The control clusters were pure control clusters for which the only reimbursement was for completing an assessment and provided compensation for the time spent on the assessment. We chose the size of the cluster in order to generate a sufficient sample size of at least 20 mothers living with HIV per cluster. This resulted in us sampling neighborhoods with about 40 pregnant mothers per cluster. Buffer neighborhoods and natural barriers were used to provide corridors in order to prevent cross-neighborhood contamination.
Intervention
As part of the RCT, twelve MMs were recruited from the local community to work in each of the 12 intervention neighbourhoods, and trained by Philani to deliver the Philani home visit intervention (manual available at (http://chipts.ucla.edu/resources/?did=899). MM visited all homes in their neighbourhoods frequently for the first 180 days of life of each child (average of 16 visits), and every 6 months thereafter, weighing all children 6 years and under, encouraging clinical care for mothers living with HIV, following up on childhood immunizations and providing ongoing support. Children found to be underweight were followed up repeatedly, according to the Philani protocol until children were no longer classified as under-nourished.
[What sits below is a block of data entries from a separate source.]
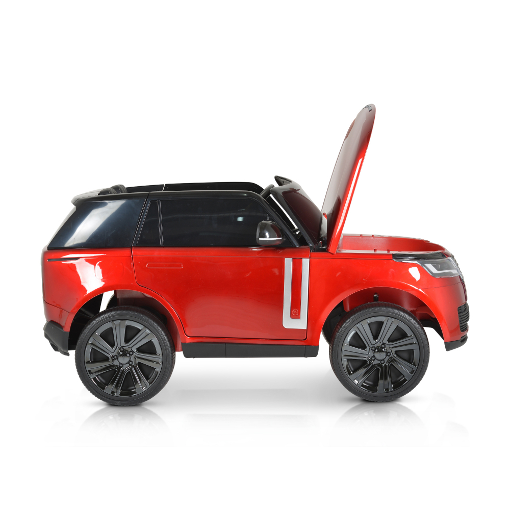Masinuta electrica pentru copii Range Rover Painted Red 24V 480W cu 2 locuri si echipare Premium, panou audio, lumini, roti din spuma Eva, Oglinzi retrovizoare si scaun din piele
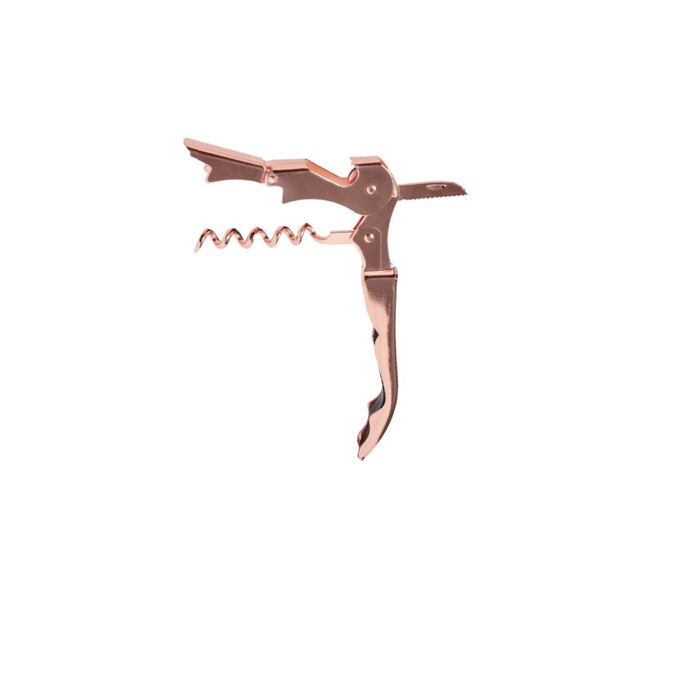– 1 cavatappi, 1 leva turacciolo, 1 coltellino per capsule e leva a doppia cerniera integrati
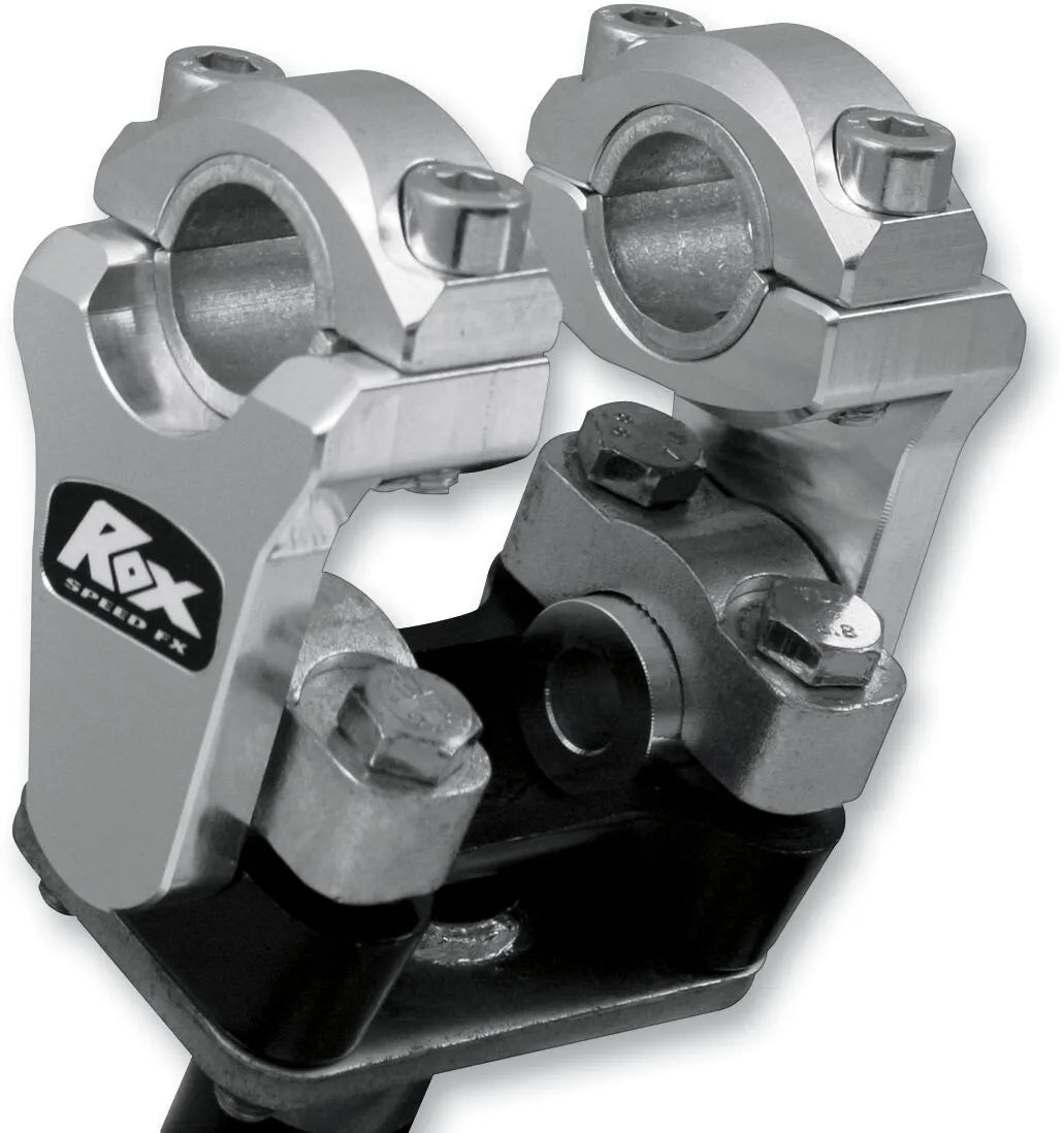 The Rox Speed FX Elite Pivoting Handlebar Risers feature a two-piece design that clamps to any machine with 7/8" handlebar clamps. You can clamp a stock 7/8" diameter handlebar, or remove the included reducers to accommodate a 1-1/8" aluminum handlebar. The reducers lock securely into the risers, preventing slippage between components, while serrated teeth maximize grip on the handlebar. These risers elevate your handlebars by 2" and offer pivoting fore and aft adjustment for a truly personalized riding position. The robust, outboard positioning enhances durability, ensuring these risers can withstand demanding riding conditions. These Rox Speed FX handlebar risers are proudly made in the USA, ensuring top-tier quality and craftsmanship. Upgrade your motorcycle with the Rox Speed FX Elite Pivoting Handlebar Risers for improved comfort, control, and overall riding enjoyment. Whether you're looking to improve ergonomics or increase control, these risers are a game-changer. Their innovative design and quality construction make them a must-have for any serious rider.

Current study data collection
For the current study, a cross sectional survey was conducted in 2011, in which anthropometric data were collected for all children under six years of age in all 24 neighbourhoods. Children in the RCT were 18–36 months old at the time of the survey. Therefore, we assessed not only study children, but all children in the neighbourhoods, some of which were born after the study cohort and some who were born before the RCT started. In 2011, an independent team of data collectors from Stellenbosch University were trained to visit every household within all neighbourhoods, offering to measure the weight and length/height of each child under six years of age (see Figure 1). Refusal rates were not documented in this cross sectional survey, but in the RCT, 98% of households participated with voluntary informed consent.
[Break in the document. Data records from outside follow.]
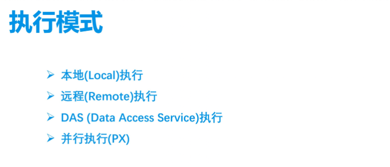 OceanBase 是Share Noting 的分布式数据库架构,并行执行可以满足 AP 场景(数据量大,处理时间长)下对单个请求并发处理需求,但对于TP场景(耗时短,用户QPS高), 一个SQL请求耗时可能只有几个ms甚至几百us, 一般都是串行执行(并行执行调度等开销相对TP耗时较大)。为了能够在分布式场景下高效处理TP场景请求, OceanBase提供了多种执行模式,包括本地执行、远程执行、DAS执行。
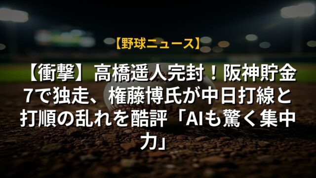 【衝撃】高橋遥人完封!阪神貯金7で独走、権藤博氏が中日打線と打順の乱れを酷評「AIも驚く集中力」
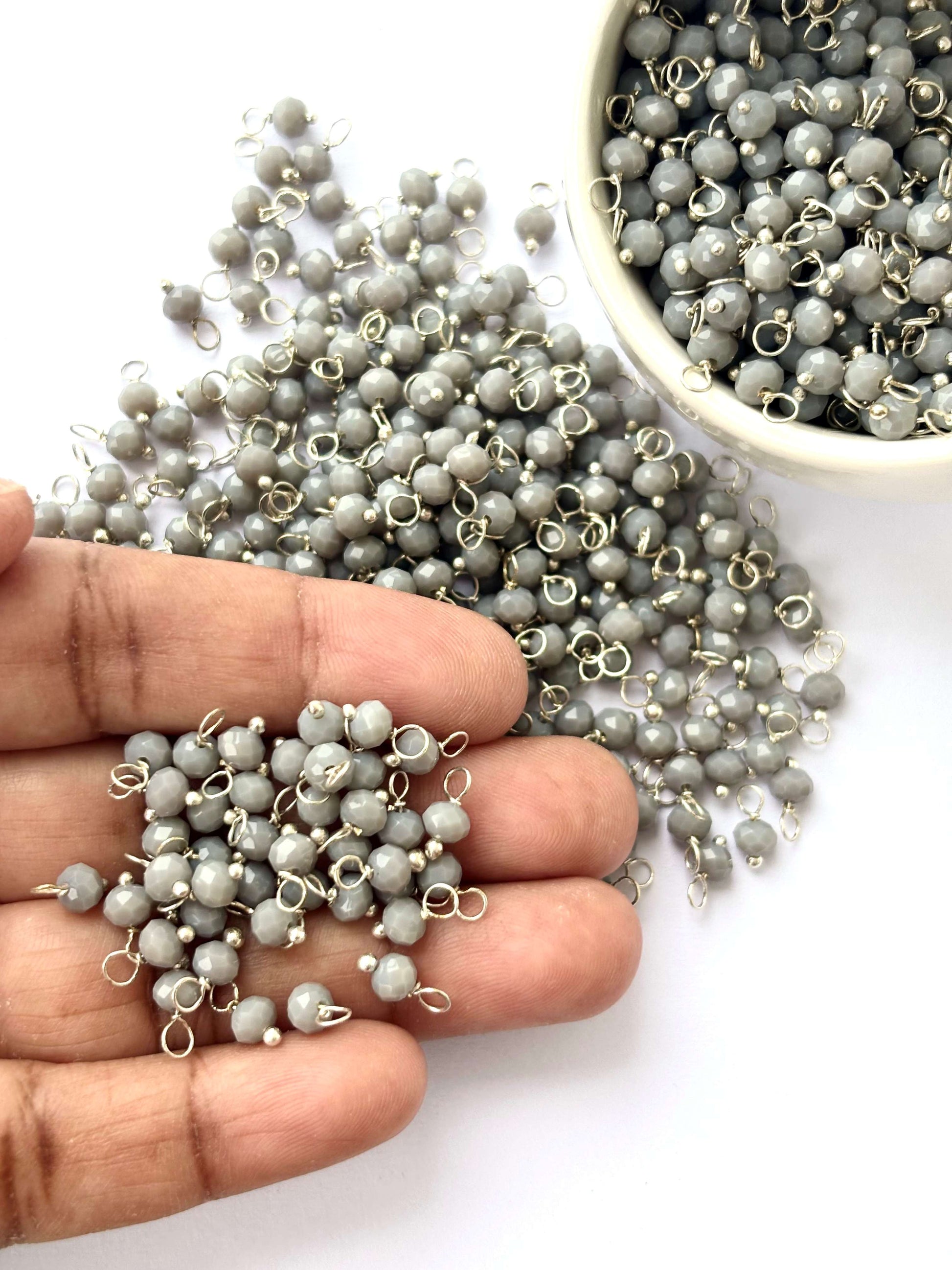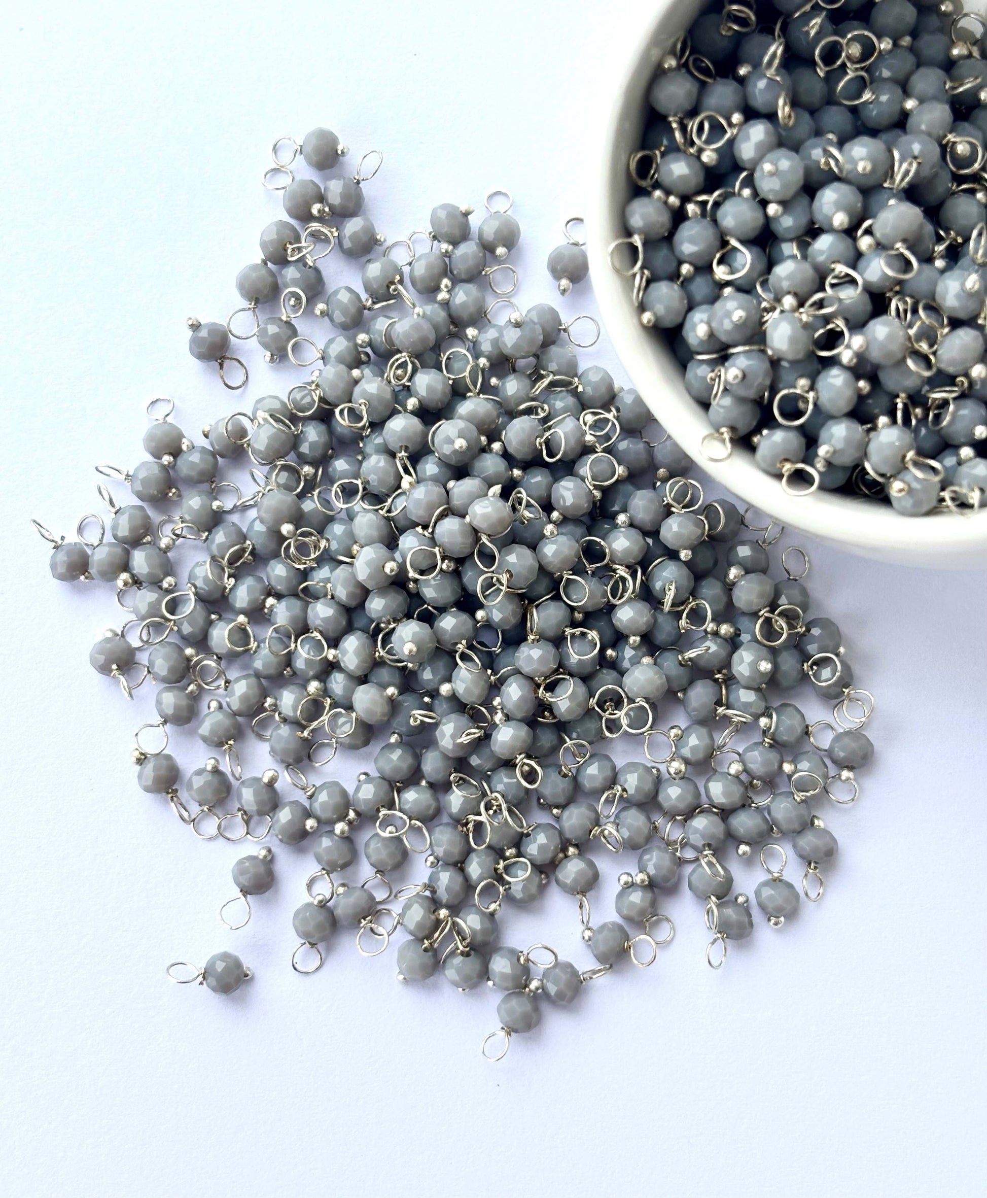 Create elegant handmade jewelry with these sparkling, chrome gray faceted bead charms, featuring silver wire wrapping. Pack of 100 pieces.

Weight and length measurement
After verbal consent was granted by a caregiver or guardian in each household, measurements were recorded together with each child’s date of birth and the household address, using a mobile phone. Weight was recorded on calibrated scales while length was measured using a roller meter. Children were weighed without nappies, shoes or clothing. Two weight measurements were made for each child. If the same measurement was repeated, it was recorded. Otherwise a third weight measurement was taken. Length/height was measured supine for children not yet walking, and standing for those who were walking.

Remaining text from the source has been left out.